Machine Interpreting, a subset of spoken language translation, is undergoing rapid advancements. The recent strides in this domain are particularly evident in the development of robust end-to-end systems. These systems utilize a singular language model to directly translate spoken content from one language to another. As impressive as this technology is, it currently finds its best application only in offline speech translation tasks.

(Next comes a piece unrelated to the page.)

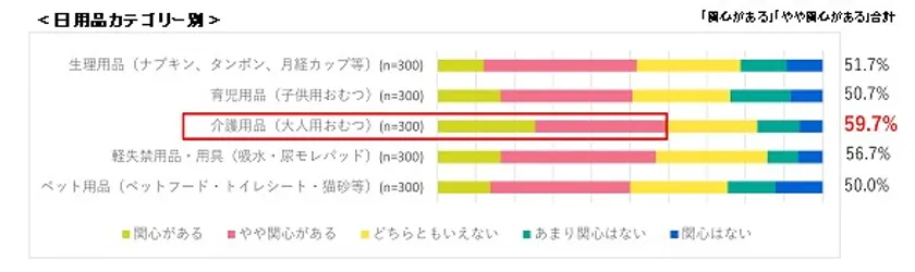 ・なかでも、「介護用品」を購入する方の約6割が、「サステナブルな生活」に関心をもっている。
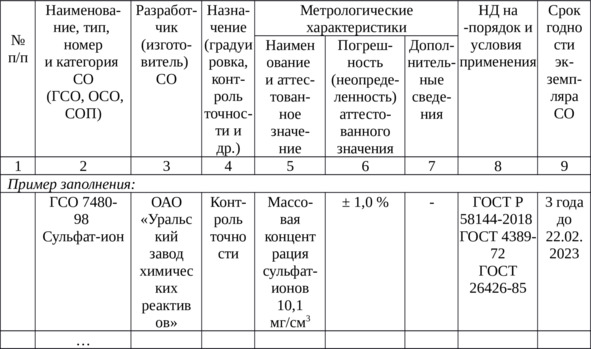 Это данные о применяемых в лаборатории эталонах, средствах измерений (далее – СИ) и их метрологическому подтверждению (поверке, калибровке). Форма 3 должна содержать следующие сведения:

When it comes to real-time simultaneous translation, which is my primary area of interest, cascading systems with their multifaceted components and possible configurations remain the gold standard. Despite their inherent complexity and intrinsic limitations, cascading systems present a distinct advantage: they are adept at incorporating the latest innovations in Generative AI. This compatibility paves the way for immediate enhancements in speech translation quality.

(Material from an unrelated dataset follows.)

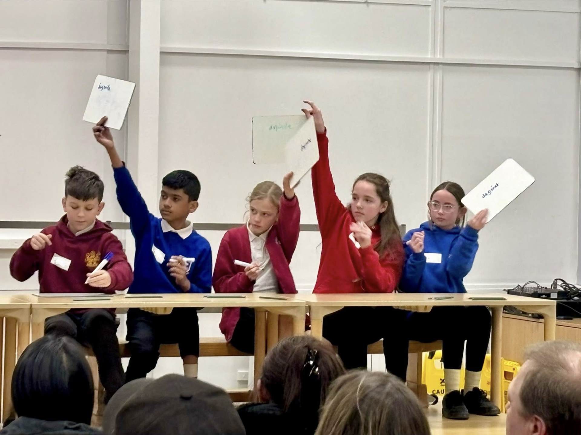 In front of a live audience of families, teachers and peers, the finalists competed in three demanding rounds: individual spelling, a wordsearch challenge and a quick‑fire round. Each pupil demonstrated exceptional courage, determination and linguistic skill throughout the evening.
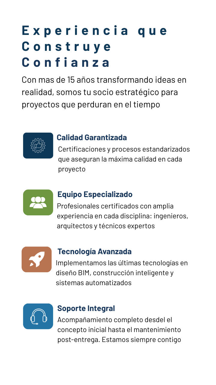 "Creamos espacios sostenibles e innovadores que mejoran la calidad de vida, combinando excelencia, seguridad y ética para generar un impacto positivo en personas, comunidades y el planeta"

I recently gave an interview to El País where I argued that one of the biggest challenges of real-world speech translation can be solved, at least to a certain extend, with Large Language Models (LLM) like ChatGPT or LLama2. The challenge I’m addressing is the capacity to translate in a manner that’s informed by the communicative context, necessitating a form of “understanding” of the contingent situation. I employ the term “understanding” in quotes, given its contentious nature and the absence of a universally accepted definition. For our purposes, let’s define understanding as the capability to amass enough knowledge to enable the system to respond coherently and aligned to the communicative context. This encompasses skills like basic co-reference resolution (identifying who is speaking to whom, their gender, status, role), adjusting terminology, register, and style (speaking as an expert versus a layperson), and discerning implied meanings beyond literal statements (inferring subtext, intent, etc), to mention a few. Traditional Neural Machine Translation (NMT) falls short in these areas. Conversely, and notwithstanding their intrinsic limitations, the reasoning and in-context learning prowess of LLMs have showcased remarkable proficiency in these domains. Thus, they could be pivotal in aiding speech translation to transcend its primary constraint: the lack of inherent ties to the communicative context. Needless to say, this paves the way for a more enriched translation experience.

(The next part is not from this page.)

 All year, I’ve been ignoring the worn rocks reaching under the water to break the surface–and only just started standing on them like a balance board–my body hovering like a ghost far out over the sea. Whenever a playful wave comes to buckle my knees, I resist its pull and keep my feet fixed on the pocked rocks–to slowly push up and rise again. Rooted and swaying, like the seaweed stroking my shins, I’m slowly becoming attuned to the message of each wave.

If you’ve extensively interacted with an advanced large language model (comparable to GPT-3.5-turbo, for instance), its potential becomes clear. Dissect a communicative act into its core components. As the act progresses and a participant introduces new information, evaluate the likelihood of specific actions being taken by either party. Probe the model about the speakers’ intentions, predict the potential trajectory of the conversation, and, with sufficient contextual information at hand, you’ll observe the intriguing insights an LLM can glean from such data. This is the basis of what I call situational awareness (different to the “higher” level of awareness as described here).
This capability warrants exploration. At present, my research is geared towards leveraging Large Language Models to:
- Disambiguate meaning through context.
- Comprehend and continuously increase the knowledge about the communicative event.
- Assess the system’s confidence for the gained knowledge.
- Trigger translation decisions based on this understanding of the communication.
This process presents fascinating challenges across various dimensions. From a computer science perspective, the question arises: how deeply can an LLM comprehend a communicative event, and what measures can we take to aid its understanding? On the translation front, once we’ve amassed sufficient contextual data, how can we harness it to enhance machine interpreting strategically?
The methodology I’m developing to address the initial aspect of this challenge draws inspiration from Frame Semantics, a theory formulated by Charles J. Fillmore in the 1970s. This theory relates linguistic semantics with encyclopedic knowledge. Within this framework, employing a word in a novel context means comparing it with past experiences to see if they match in meaning. Fillmore elucidates this using the notions of scenes and frames. The term “frame” denotes a collection of linguistic options or constructs, which in turn evokes a mental representation or “scene”. Fillmore characterizes a scene as any recognizable experience, interaction, belief, or imagination, whether visual or not. Scenes and frames perpetually stimulate one another in patterns like frame-to-scene, scene-to-frame, scene-to-scene, and frame-to-frame. Specifically, the activation process pertains to instances where a distinct linguistic structure, such as a clause, triggers associations. These associations then prompt other linguistic structures and incite additional associations. This interplay ensures every linguistic element in a text is influenced by another, facilitating the extraction or even construction of meaning from linguistic statements. Essentially, it fosters understanding—or interpretation—of the situation. My ambition is to synthetically instigate and regulate this interplay between scenes and frames using an LLM, aiming to infuse contextual awareness into the translation procedure.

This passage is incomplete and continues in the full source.